| ABOUT THIS TASK |
Of the lines below, write out exactly those from the line with "Plinski grelec MULTIGARDEN" through the line with "Unter der Führung", both included, and skip the rest.

| TASK INPUT |
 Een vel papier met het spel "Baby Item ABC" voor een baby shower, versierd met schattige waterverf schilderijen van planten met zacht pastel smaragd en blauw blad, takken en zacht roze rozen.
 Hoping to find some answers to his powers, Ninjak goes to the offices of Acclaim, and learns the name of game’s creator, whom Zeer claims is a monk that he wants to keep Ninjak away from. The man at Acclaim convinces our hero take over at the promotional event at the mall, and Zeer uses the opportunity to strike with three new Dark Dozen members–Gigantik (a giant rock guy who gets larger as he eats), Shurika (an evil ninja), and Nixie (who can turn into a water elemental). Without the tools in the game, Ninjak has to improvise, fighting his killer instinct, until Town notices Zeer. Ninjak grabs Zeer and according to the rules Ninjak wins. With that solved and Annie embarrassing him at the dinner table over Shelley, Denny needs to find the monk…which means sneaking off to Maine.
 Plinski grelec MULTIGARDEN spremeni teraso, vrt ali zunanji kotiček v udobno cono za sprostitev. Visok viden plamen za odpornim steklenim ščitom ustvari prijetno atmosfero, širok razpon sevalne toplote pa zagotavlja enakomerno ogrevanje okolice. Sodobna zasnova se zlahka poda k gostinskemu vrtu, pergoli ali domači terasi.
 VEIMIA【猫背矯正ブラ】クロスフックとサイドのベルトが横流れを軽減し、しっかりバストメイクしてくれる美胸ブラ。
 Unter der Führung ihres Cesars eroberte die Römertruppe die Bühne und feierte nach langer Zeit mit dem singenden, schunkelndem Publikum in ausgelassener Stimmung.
---
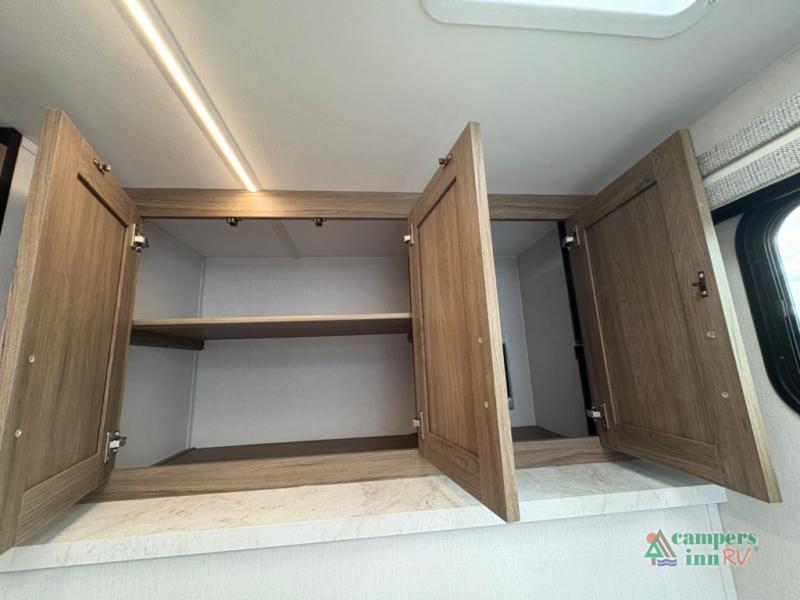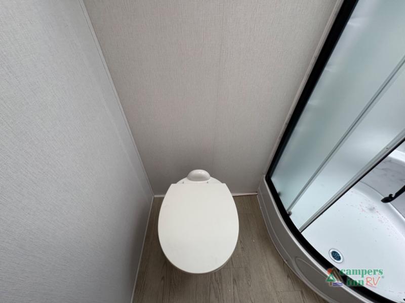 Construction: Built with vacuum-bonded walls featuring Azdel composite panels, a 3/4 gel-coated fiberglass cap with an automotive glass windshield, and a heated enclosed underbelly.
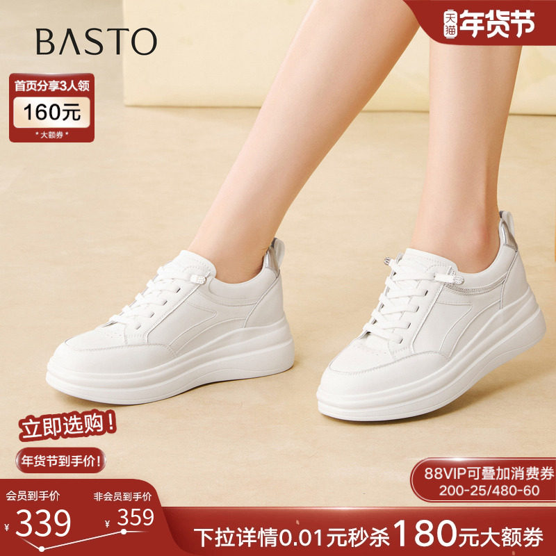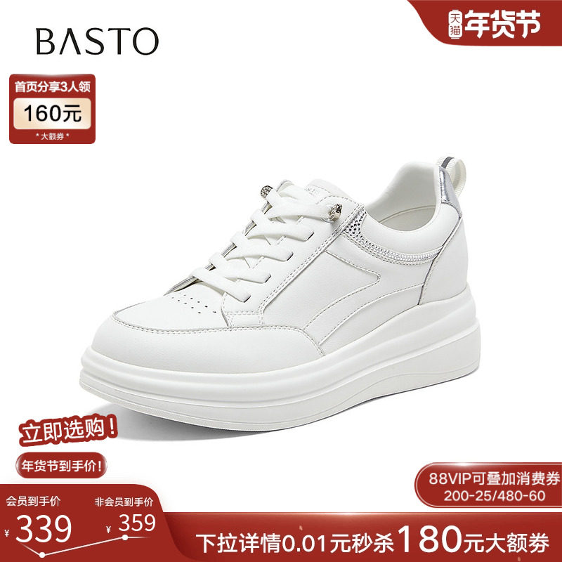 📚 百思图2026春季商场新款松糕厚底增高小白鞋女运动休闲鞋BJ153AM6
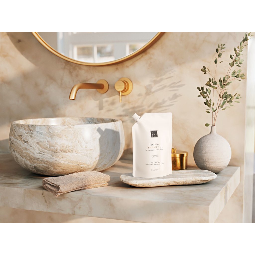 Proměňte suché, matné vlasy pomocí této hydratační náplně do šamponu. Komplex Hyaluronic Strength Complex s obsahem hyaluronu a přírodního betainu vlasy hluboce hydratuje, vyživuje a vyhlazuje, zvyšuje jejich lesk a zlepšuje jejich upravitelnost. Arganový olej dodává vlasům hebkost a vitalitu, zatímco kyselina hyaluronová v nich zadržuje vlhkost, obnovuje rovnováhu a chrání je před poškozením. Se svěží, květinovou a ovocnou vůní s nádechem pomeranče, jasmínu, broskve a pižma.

| ANSWER |
 Plinski grelec MULTIGARDEN spremeni teraso, vrt ali zunanji kotiček v udobno cono za sprostitev. Visok viden plamen za odpornim steklenim ščitom ustvari prijetno atmosfero, širok razpon sevalne toplote pa zagotavlja enakomerno ogrevanje okolice. Sodobna zasnova se zlahka poda k gostinskemu vrtu, pergoli ali domači terasi.
 VEIMIA【猫背矯正ブラ】クロスフックとサイドのベルトが横流れを軽減し、しっかりバストメイクしてくれる美胸ブラ。
 Unter der Führung ihres Cesars eroberte die Römertruppe die Bühne und feierte nach langer Zeit mit dem singenden, schunkelndem Publikum in ausgelassener Stimmung.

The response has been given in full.